Potential benefits from gene mapping are greatest for traits that are difficult or expensive to measure. Tenderness is an example of a trait that is expensive to measure but has economic importance. Traits where the maximum is ideal, such as disease resistance, are better candidates for gene tests than those where an intermediate level is ideal, such as growth rate. It should be noted that, if genes exist that have major effects on traits currently selected for, the unfavorable allele should be mostly eliminated in the population through traditional selection methods.
Marker or gene tests enhance traditional genetic evaluation systems because the tests can be run early in the animal’s life and do not require the actual trait to be measured in every animal. Males can be tested for genes affecting female fertility, live animals can be tested for carcass traits, and disease resistance might be evaluated without subjecting the animal to the disease.
Because an animal’s progeny inherit a random 50% of a parent’s chromosomes, traditional genetic evaluation systems make assumptions that may not be fully true. For example, full siblings will have similar EPDs until they can be measured for a trait of interest. If an accurate gene or marker test for a major growth gene were available, it might be possible to test flushmates at birth or before then to determine which received the more favorable genes from each parent, enhancing the accuracy of their EPDs.

Issues, strategies
Marker-assisted selection or gene selection would be used most effectively if the marker or gene data were incorporated into the calculation of EPDs. However, before such tests can be used, the effects of the gene or marker need to be known for each breed, as well as how consistent the effect is across families in the breed. Results of all tests should be reported to the breed association directly rather than through the breeder. To use marker or gene tests in EPD calculation, the results of all tests must enter the evaluation database, not just those with a favorable result.
Deciding which marker tests to use in genetic evaluation will be a difficult process. Breeders will not want to spend money on testing unless the results will be used in genetic evaluation, but the breed association needs independently validated results before committing to the use of a test. Because the location of markers being tested is proprietary information, and therefore confidential, it is possible that two companies could discover and market the same test independently under different names.

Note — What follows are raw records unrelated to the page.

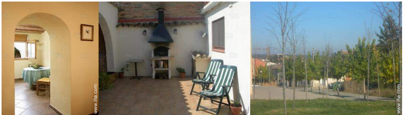
view from the dining-room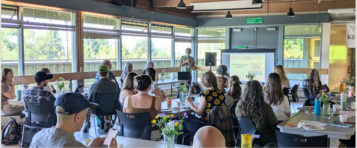
Spring Forum & AGM, May 28 2025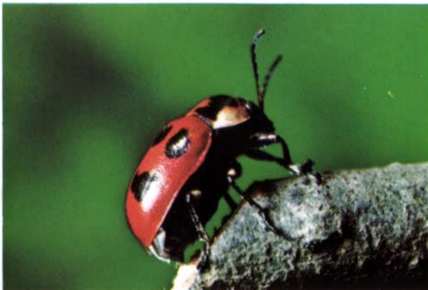
● Extension Ring Set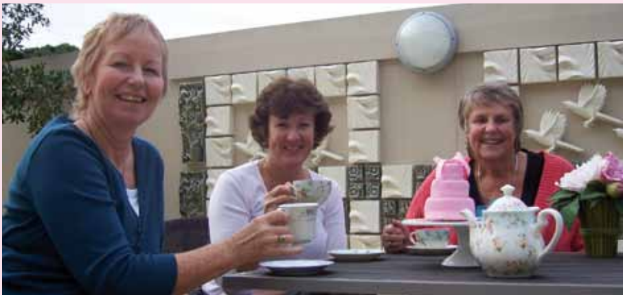
Family Support Team

This is important for catering purposes.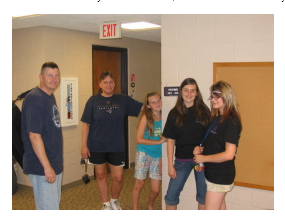
All packed, but don't want to leave my festival friends.

Seedstock producers might consider collecting and storing blood samples, hair follicles or an ear-tissue punch on artificial insemination (AI) sires or cows used as donors for embryo transfer (ET) so the animals can be tested beyond their life span. Frozen semen is a convenient way to store DNA from bulls. Having DNA samples from cows that leave many daughters and granddaughters in the herd may reduce the cost of testing animals in the future.
Although gene and marker tests can enhance current genetic evaluation systems, they will not replace EPDs — only improve their accuracy. Regardless of how many gene or marker tests eventually become available, they will most likely never eliminate the need to take weights and measurements, but they may reduce the number of animals that need to be measured for certain traits.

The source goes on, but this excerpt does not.